The following table gives the results of each model. The accuracy and mean F-1 score values are calculated with the test set, which I did not use to train models. The running time is estimated by my macbook, which has 2.9 GHz Intel Core i5.

As seen above, Model 3 has the best result, with Accuracy=0.83 and mean F-1 score=0.81 with test data. However, when I compare the running time, Model 1 and Model 2 have much better time efficiency. Thus, I picked two models, Model 1 (best time efficiency with the second best mean F-1) and Model 3 (best mean F-1 value) to use in the next trial to refine my process.

(2) With Model 1 and Model 3, I trained them with a different filter size (3 x 3) compared to the original filter size (2 x 2). The table below compares the previous results to the new trials, with a larger filter size, for the two models I’m testing.

Overall, we can see there is no improvement for both models. So, I decided to use the first filter size (2 x 2) hereafter for my convolutional layers.

(3) I have used the Adam optimization algorithm with the default value for the learning rate. I decided to test my models using a range of learning rates: 0.01, 0.0005, and 0.0001. Also, I tried to use the Root Mean Square Propagation (RMSProps) as an alternative optimization algorithm. The results of these tests are in the table below.

Overall, the default value of the learning rate for Adam optimization function seems to be the best choice. The lower learning rates, like 0.0001, did not work well because it is too slow, and so it requires many more epochs to train the model. Considering the time efficiency, I concluded that a lower learning rate is not appropriate for the models. Also, I tried using a larger learning rate than 0.001 with the Adam algorithm, but most of them did not work well. So, I left those models off the table above. On the other hand, RMSProps works pretty well, but using Adam optimization function seems to have a slightly better result. Therefore, I decided to use an Adam optimization algorithm and used the Keras default values (e.g., lr=0.001).

Finally, I added Image Augmentation, which is the process of taking images that are already in a training dataset and manipulating them to create many altered versions of the same images. For example, we can have more images with different rotation angles or vertically/horizontally flipped versions of the original images. This provides more images to train on, which could help a model to better generalize its training. The function ImageDataGenerator() in Keras generates batches of the input images with many different variations depending on its parameters. You can read more details here. .flow() and .fit_generator() are used to fit the model in batches with data augmentation. We can use these at the same time, as the code above shows. I only applied the horizontal_flip and vertical_flip options. This is my last refinement factor, so I trained the models with many epochs (30 - 50).

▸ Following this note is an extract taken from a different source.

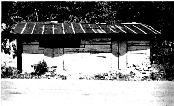
This is the Mission building in Las Palmas on the road between Huanuco Peru and Tingo Maria. The mission has a native Peruvian pastor.

I took the best Model 1 in the table above, and the best Model 3 above, and then trained those models on an additional 30 epochs using image augmentation. The results of these tests are given in the table below.

Model 1 results in a better accuracy and higher mean f1 score (even with less time). Therefore, I decided to use Model 1 with RMSProps + Image Augmentation. Having settled on a model, I next decided to train it using larger input image sizes ( 256 x 256) with 50 epochs. At the same time, for comparison I used a pre-trained Xception model with fully-connected layers added (to do transfer learning). As with the model above, I first trained the model with Xception without image augmentation, and then trained it with image augmentation. The table below has the results using Xception. It seems surprising that the Xception model performed slightly worse than the Model 1 results above, but this was mainly due to a limitation in my CPU power. The training of the Xception model, which took 200 min, only got through five epochs. If I had more time or a more powerful processor, I would have achieved better results through transfer learning. However, given my computational resources, I would choose to use Model 1 above to train a model for this project.

Result

The Model 1 (+RMSprops optimization and Image Augmentation) is my final chosen CNN model made from scratch. The code for the model is saved on my Github page (Here).

Model Evaluation and Validation

The table in the previous section has my final accuracy (0.94) and mean F-1 value (0.93) of the model using the test sets. The result is a vast improvement over the first CNN model that I tried, especially considering that the total run time is less than 30 min on my macbook. The inclusion of image augmentation in my final model allows that model to better generalize the training dataset, and therefore to achieve better accuracy in the test dataset.

Justification

  • Benchmark model : mean F1 score is 0.34, and accuracy is 0.4
  • Final model : mean F1 score is 0.93, and accuracy is 0.94

The comparison between my bench mark model and the final model shows that I have more than doubled my accuracy, and the F1 score is nearly triple.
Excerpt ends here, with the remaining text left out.